Data Ingestion Command: Utilize the dedicated ingestion script to populate the vector index: bash # Fundamental crawl operation npm run add-docs -- --url https://example.com/docs --max-depth 3

Advanced ingestion with metadata tagging

npm run add-docs -- \ --url https://example.com/docs \ --max-depth 3 \ --tags library,api-v2 \ --package toolkit \ --version 2.1.0 \ --wait

Argument reference: - --url: Source documentation endpoint (Mandatory). - --max-depth: Defines traversal limits (Default is 3). - --tags: Keywords for semantic grouping. - --package/--version: Schema identifiers for version control. - --wait: Blocks until the entire processing workflow is concluded.
Query Execution: After ingestion, semantic lookups are performed using the established MCP interfaces. Refer to the section detailing MCP tool invocation.
Environment Shutdown: bash docker-compose -f docker-compose.dev.yml down

This setup prioritizes a rapid development iteration cycle using containerized infrastructure for the database backend.

AI IDE Integration (Cursor Example)

To facilitate immediate access within the Cursor IDE, integrate the following transport configuration into the IDE's settings file:

{ "docmcp-local-stdio": { "transport": "stdio", "command": "node", "args": [ "/dist/stdio-server.js" ], "clientInfo": { "name": "cursor-client", "version": "1.0.0" } } }

Ensure <DOCMCP_INSTALL_ROOT> is substituted with the absolute filesystem path where the DocVectorIndex project resides (e.g., /home/user/code/docmcp). Cursor must be restarted for this configuration to become active.

System Topology

The architecture is decomposed into specialized operational modules:

CrawlerEngine: Responsible for adherence to robots.txt and link graph traversal.
TransformationEngine: Manages content sanitization (HTML to Markdown) and metadata abstraction.
WorkflowManager: Oversees the state transitions and progress reporting for all background processing activities.
VectorStore: Handles the persistent storage and nearest-neighbor search execution utilizing vector similarity metrics.
MCP Bridge: The standardized communication layer facilitating AI agent interaction.
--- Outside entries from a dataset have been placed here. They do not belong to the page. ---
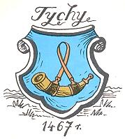 coat of arms of the city of Tychy
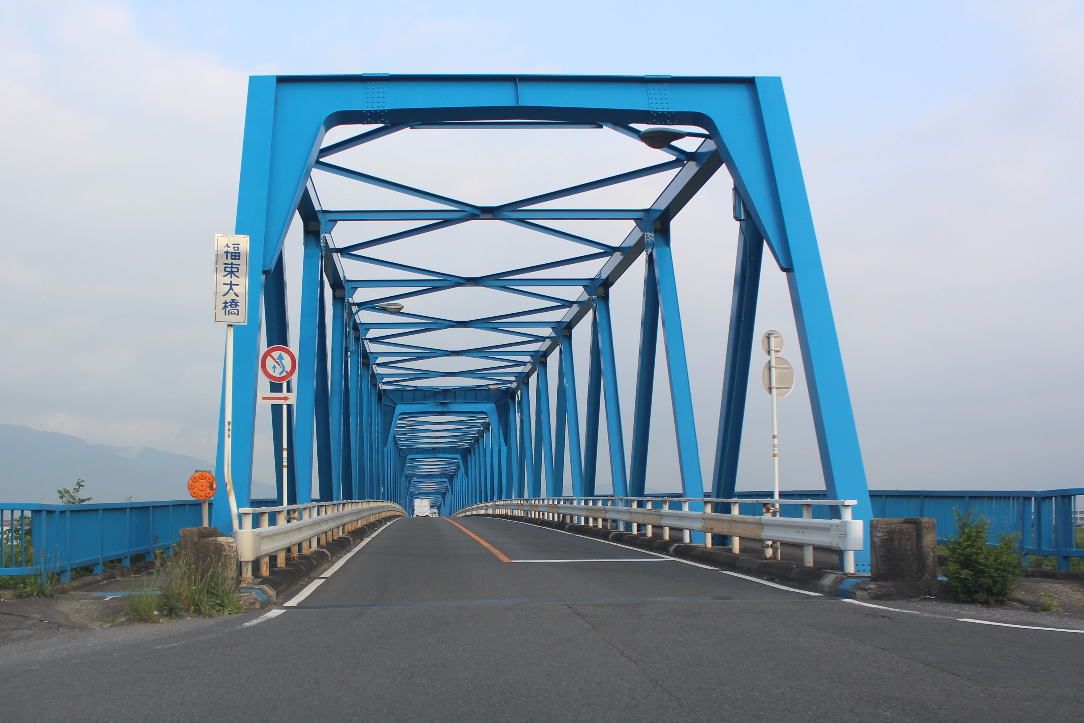 Fukuzuka Bridge (Fukuzuka-Ōhashi), a bridge of Gifu Prefectural Road Route 30 (Hashima-Yōrō Line) over Ibi River in Wanouchi, Gifu Prefecture, Japan.
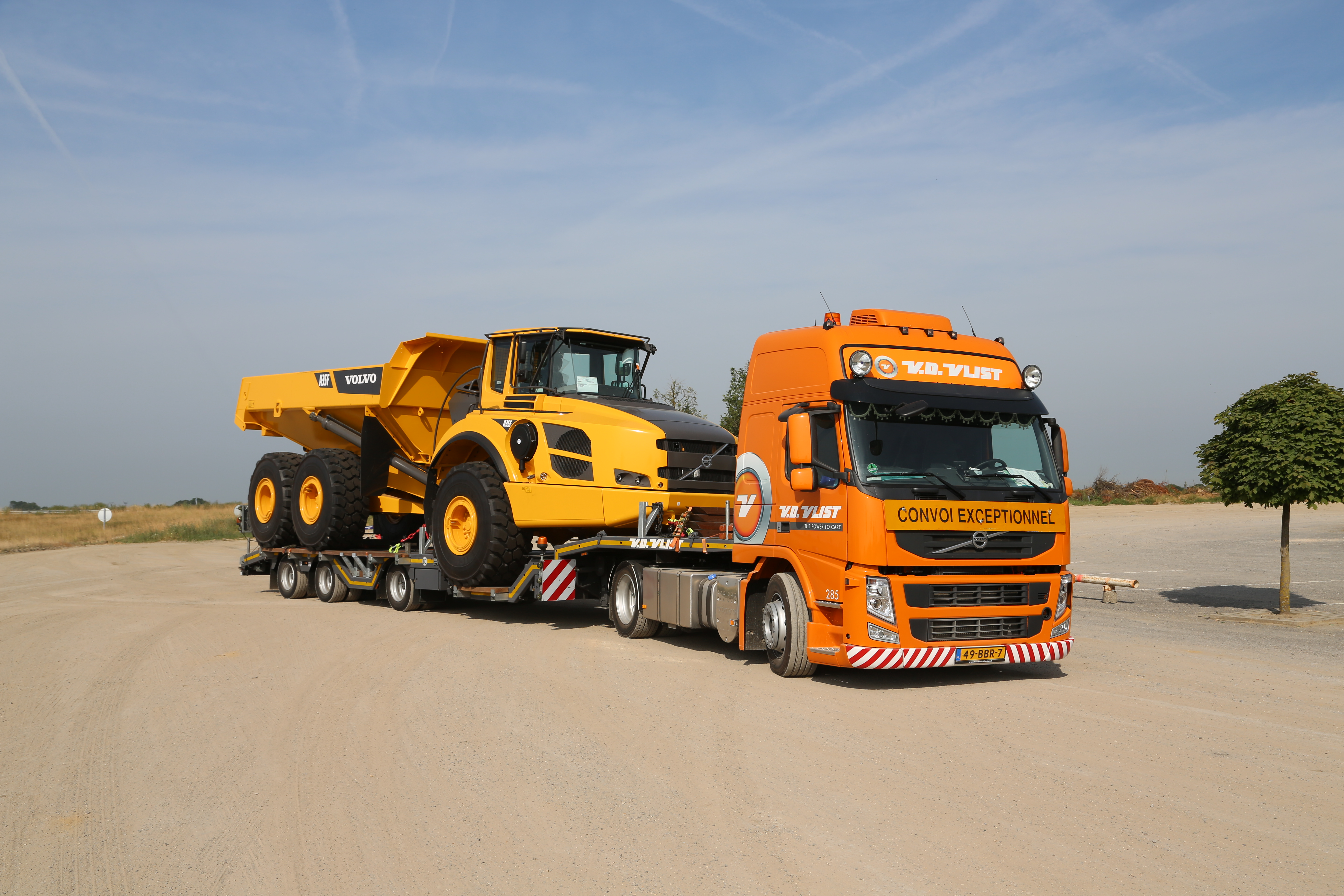 Van der Vlist truck carrying a Volvo dump truck
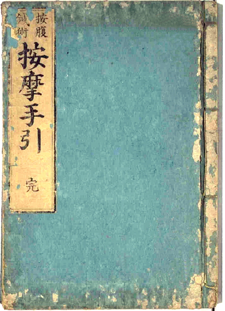 Anma Tebiki 按摩手引 (Anma's Hand Procedures) written by Fujibayashi Ryohaku in the early Edo period.

Document Indexing Workflow

Initiation: A documentation ingestion request is submitted via the add_documentation MCP utility, generating a transient Job entity marked as 'pending'.
Acquisition: The CrawlerEngine traverses the specified domain, respecting depth constraints, and materializes raw Document records.
Refinement: The TransformationEngine cleans the raw content, normalizes formatting, and annotates records with contextual attributes (version, package).
Embedding Generation: The VectorStore component segments documents into semantically meaningful units, uses Bedrock to generate numerical embeddings for each segment, and commits them to the pgvector index.
Completion: The WorkflowManager finalizes the Job record, updating its status to 'complete' and ensuring all derived artifacts are query-ready.
Information Retrieval: User queries trigger a reverse process: the query is vectorized, similarity search is run against the index, and highly relevant text snippets, tied back to their source documents, are returned via the query_documentation MCP function.